- What is expected -
What is needed is an exact reproduction of the listing, without its pictures.
+++ Dataset extract
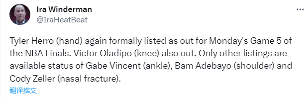 来源:直播车06-12 10:52直播车06月12日,热火官方公布总决赛G5伤情,希罗(手部骨折)和奥拉迪波(膝伤)都因伤缺席生死战,文森特(脚踝)、阿德巴约(肩膀)和泽勒(鼻骨骨折)都可以出战;预计掘金全队都可以出战,约基奇的脚踝伤势无大碍,穆雷(手掌擦伤)则继续带伤出战。
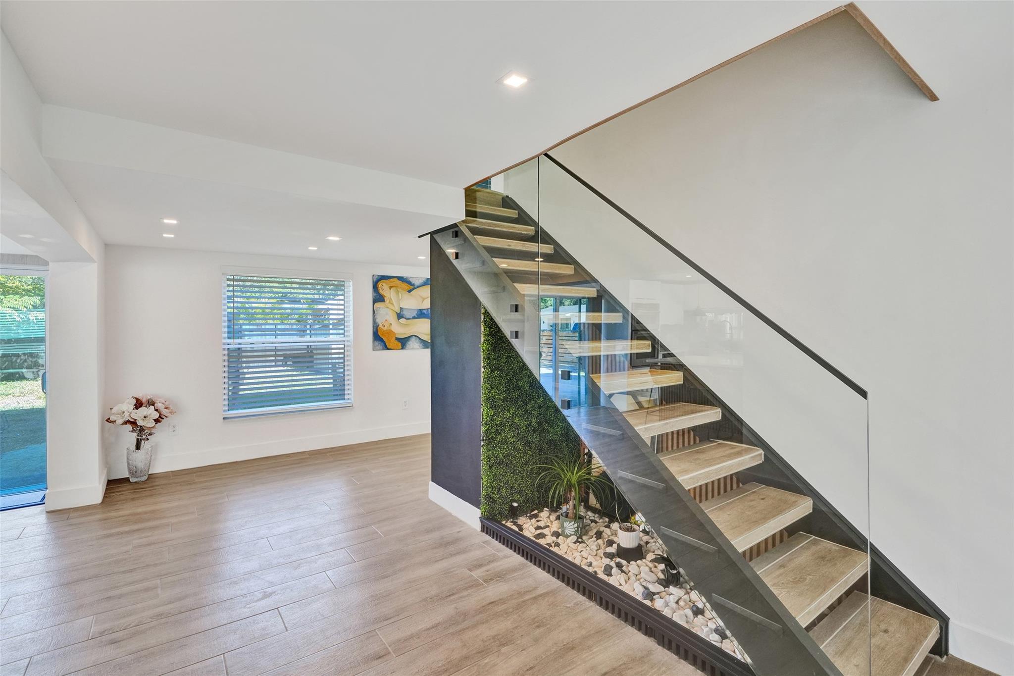 Luxuriously remodeled 3 bed/3 bath two-story residence in North Miami Beach. Located in unincorporated Miami-Dade with no HOA , ideal as an upscale primary home or high-end short-term rental. This corner property offers dual access and a prime location near major highways and walking distance to praying centers. Interior highlights include an elegant open kitchen with quartz counters and island, sleek tile flooring, impact windows and doors, newer AC and roof, and a striking glass staircase. The waterfall feature at the entrance enhances the home's modern appeal. The primary suite features a resort-style bath and spacious covered balcony with glass railing. Move-in ready luxury!
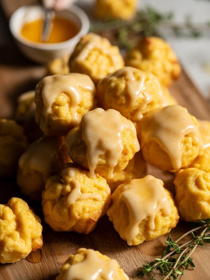 - Brush & Cool: Allow poppers to rest 1–2 minutes in pan, transfer to a rack over a tray, then brush each with honey-butter glaze. Cool 5 minutes before serving.
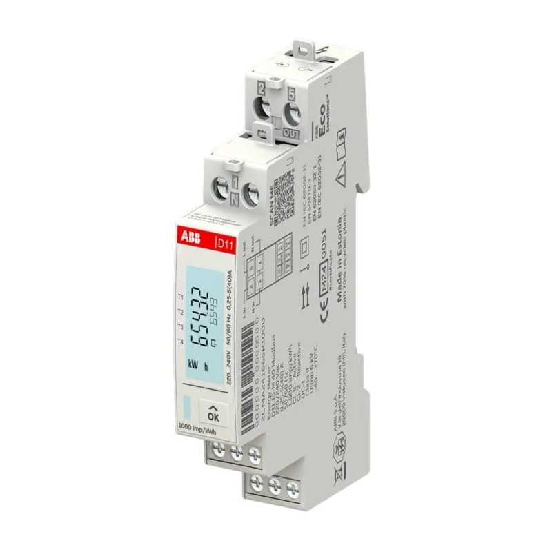 Remarcador monofasico, Modelo D11 15-M, Corriente 40A, Medicion Directa, MID, Comunicación Modbus RTU, Marca ABB
++++++
- Task response -
 来源:直播车06-12 10:52直播车06月12日,热火官方公布总决赛G5伤情,希罗(手部骨折)和奥拉迪波(膝伤)都因伤缺席生死战,文森特(脚踝)、阿德巴约(肩膀)和泽勒(鼻骨骨折)都可以出战;预计掘金全队都可以出战,约基奇的脚踝伤势无大碍,穆雷(手掌擦伤)则继续带伤出战。
 Luxuriously remodeled 3 bed/3 bath two-story residence in North Miami Beach. Located in unincorporated Miami-Dade with no HOA , ideal as an upscale primary home or high-end short-term rental. This corner property offers dual access and a prime location near major highways and walking distance to praying centers. Interior highlights include an elegant open kitchen with quartz counters and island, sleek tile flooring, impact windows and doors, newer AC and roof, and a striking glass staircase. The waterfall feature at the entrance enhances the home's modern appeal. The primary suite features a resort-style bath and spacious covered balcony with glass railing. Move-in ready luxury!
 - Brush & Cool: Allow poppers to rest 1–2 minutes in pan, transfer to a rack over a tray, then brush each with honey-butter glaze. Cool 5 minutes before serving.
 Remarcador monofasico, Modelo D11 15-M, Corriente 40A, Medicion Directa, MID, Comunicación Modbus RTU, Marca ABB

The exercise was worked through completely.